RUSSIAN SCIENCE
SIR,-4 must confess that I began to read the article Russian Science by Dr. Trevor I. Williams (The Spectator, April 4th) with the greatest interest. It is so rare that a report from a pen of a scientist about the conditions in which science is placed in the U.S.S.R., is appearing in the English Press But I had not gone very far in reading, when to my great surprise I stumbled on the following lines:—" It is reported that in consequence of his (Vavilov's) failure to accept views which he was con- vinced were false he was arrested and executed in 1943." As everyone, who is following the scientific life in Russia, knows, S. I. Vavilov is still the President of the Russian Academy of Science, and Prof.
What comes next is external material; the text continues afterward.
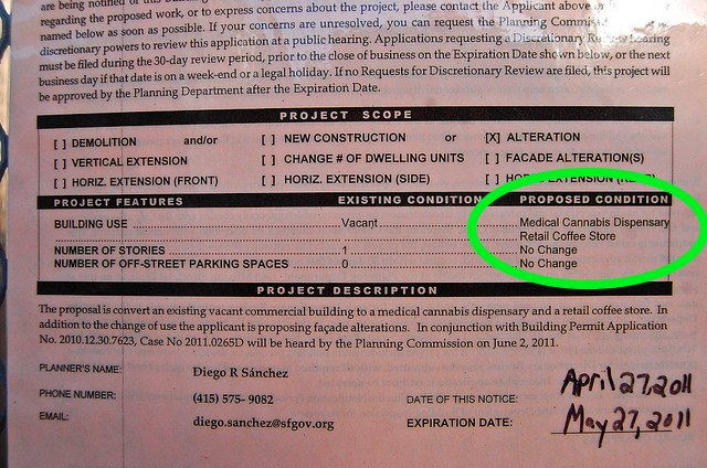 We received a permit application the other day for a new Cannabis club near Mission St. and Precita. (3139 Mission Street to be exact). And to be even more specific, they want to open a “coffee shop/cannabis dispensary.” It will be directly across the street from Roccapulco, Nap’s and El Rio.
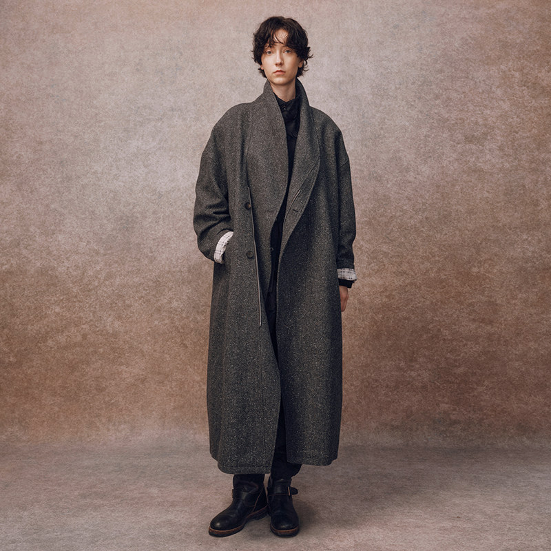 Simple Project* High-neck Wool Coat wool reversible tweed stand-up collar coat

Zysenko, his opponent, who—we must presume from the content of the article— is "popular politically," is, as he was at the time of the controversy between him and Vavilov, one of his colleagues, one of the vice-presidents. If Dr. Williams did not doubt his credentials to write about Russian science in general, and the case of Vavilov in particular, then he ought to know that only a few weeks ago the same "arrested and executed" Vavilov published an article about the work of the Academy of Science— to which Pravda, the official newspaper of the Communist Party, devoted
two half-pages.—I am, Sir, your obedient servant, I. M. Blum. 18 Horbury Crescent, London, W. ir.